Helium-3 in different carriers from pelagic clays of DSDP Hole 91-596B and Core LR-44-GPC-3

To better understand the composition, characteristics of helium diffusion, and size distribution of interplanetary dust particles (IDPs) responsible for the long-term retention of extraterrestrial 3He, we carried out leaching, stepped heating, and sieving experiments on pelagic clays that varied in age from 0.5 Ma to ~90 Myr. The leaching experiments suggest that the host phase(s) of 3He in geologically old sediments are neither organic matter nor refractory phases, such as diamond, graphite, Al2O3, and SiC, but are consistent with extraterrestrial silicates, Fe-Ni sulfides, and possibly magnetite. Stepped heating experiments demonstrate that the 3He release profiles from the magnetic and non-magnetic components of the pelagic clays are remarkably similar. Because helium diffusion is likely to be controlled by mineral chemistry and structure, the stepped heating results suggest a single carrier that may be magnetite, or more probably a phase associated with magnetite. Furthermore, the stepped outgassing experiments indicate that about 20% of the 3He will be lost through diffusion at seafloor temperatures after 50 Myrs, while sedimentary rocks exposed on the Earth's surface for the same amount of time would lose up to 60%. The absolute magnitude of the 3He loss is, however, likely to depend upon the 3He concentration profile within the IDPs, which is not well known. Contrary to previous suggestions that micrometeorites in the size range of 50-100 µm in diameter are responsible for the extraterrestrial 3He in geologically old sediments [Stuart, F.M., Harrop, P.J., Knott, S., Turner, G., 1999. Laser extraction of helium isotopes from Antarctic micrometeorites: source of He and implications for the flux of extraterrestrial 3He flux to earth. Geochimica et Cosmochimica Acta, 63, 2653-2665, doi:10.1016/S0016-7037(99)00161-1], our sieving experiment demonstrates that at most 20% of the 3He is carried by particles greater than 50 µm in diameter. The size-distribution of the 3He-bearing particles implies that extraterrestrial 3He in sediments record the IDP flux rather than the micrometeorite flux.

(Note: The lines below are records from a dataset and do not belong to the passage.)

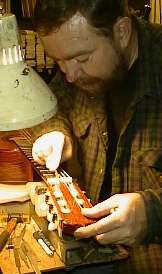 Rather than be rattled by impromptu visits and demands on his time, this late-forties Canadian-American thrives on the challenges they present. His soft, pleasant voice and gentle delivery contrast with his swift pace as he scurries from room to room in his shop repairing guitars. Though this is not the life he originally set his dreams upon, he seems more than pleased to be living it.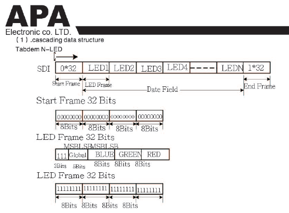 uint8_t ledFrameBuf[LED_COUNT+2][4];	// SPI에 전송할 LED 색상 및 밝기 정보(Frame)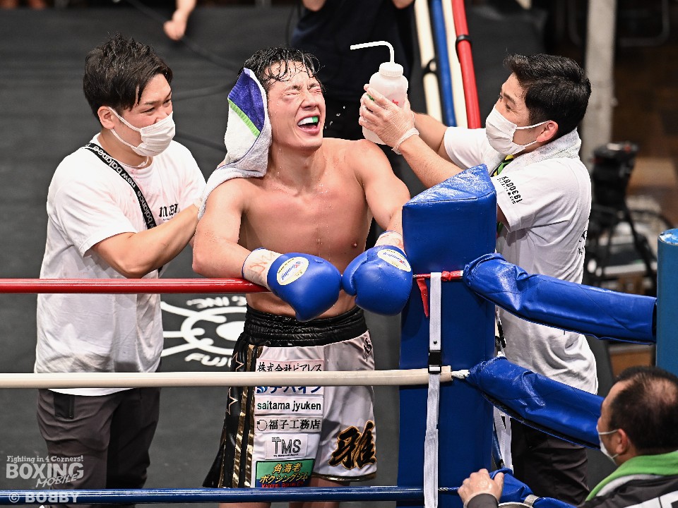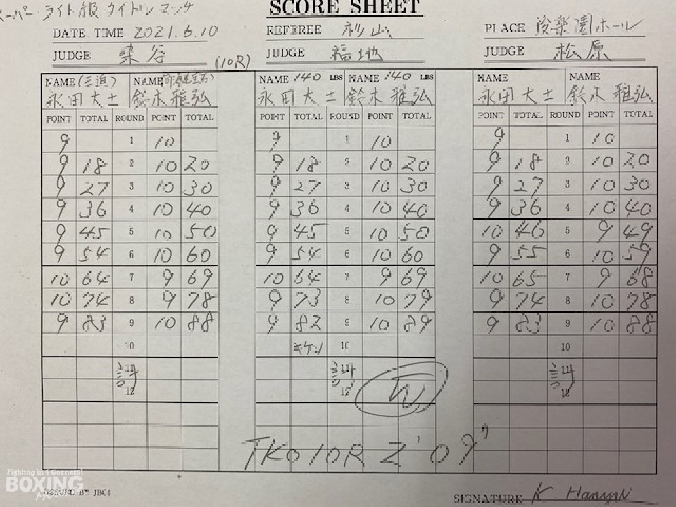サウスポー永田が距離を詰めてくるのに対し、鈴木は左アッパー、左ボディで迎え撃つとワンツーを好打しペースを掌握。鈴木は的確なパンチでダメージを与えると、前半終了時の公開採点で49-46×1、50-45×2と大きくリードした。ポイントで優位に立った鈴木だが、打ち急がずにジャブから左ボディ、右ボディストレートと多彩な攻撃を披露。逆転を狙う永田は7回にボディを効かせたが、ここを踏ん張った鈴木は、その後も着実にポイントを重ねて最終10回にフィニッシュした。鈴木がデビューから6戦目で新王者に就いた。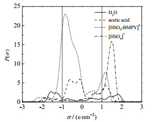 计算得到的σ-Profile图如图 10所示。水和[HSO3-BMPy]+既具有提供氢键的能力,也具有接受氢键的能力;乙酸和[HSO4]−则主要作为氢键受体存在。乙酸和水均具有一定的与[HSO3-BMPy][HSO4]结合的能力,使水与乙酸不易分离,汽液平衡线更靠近对角线。水在氢键供体区的峰比乙酸高,提供氢键的能力更强。因此相较于乙酸,[HSO3-BMPy][HSO4]更易与水紧密结合,在富水区对汽液平衡曲线的影响更大。从σ-Profile图分析得到的结论与实验结果一致,说明了实验结果的可靠性。

为深入探究导致地外³He长期留存的行星际尘埃粒子（interplanetary dust particles，IDPs）的组成、氦扩散特征及粒径分布，我们对年龄介于0.5 Ma至约90 Myr的远洋黏土开展了浸出、阶梯加热与筛分实验。浸出实验结果表明，地质古老沉积物中的³He宿主相既非有机质，亦非金刚石、石墨、Al₂O₃、SiC等难熔物相，而是与地外硅酸盐、Fe-Ni硫化物及可能的磁铁矿相吻合。阶梯加热实验显示，远洋黏土的磁性与非磁性组分的³He释放谱极为相似。鉴于氦扩散大概率受矿物化学组成与结构调控，该实验结果提示存在单一载体：该载体可能为磁铁矿，或更可能为与磁铁矿伴生的物相。此外，阶梯脱气实验表明，在海底温度条件下，约20%的³He会在50 Myr后通过扩散发生流失；而暴露于地球表面的沉积岩在相同时长内的³He流失量可达60%。不过，³He的绝对流失量大概率取决于行星际尘埃粒子内部的³He浓度分布，而该分布目前尚不明确。与此前提出的“直径50~100 µm的微流星体是地质古老沉积物中地外³He来源”的观点[Stuart F.M.、Harrop P.J.、Knott S.、Turner G., 1999. 南极微流星体中氦同位素的激光提取：He的来源及地外³He通量抵达地球的意义. 地球化学与宇宙化学学报, 63, 2653-2665, doi:10.1016/S0016-7037(99)00161-1]相悖，我们的筛分实验证实，直径大于50 µm的粒子所携带的³He至多仅占总量的20%。含³He粒子的粒径分布特征表明，沉积物中的地外³He记录的是行星际尘埃粒子通量，而非微流星体通量。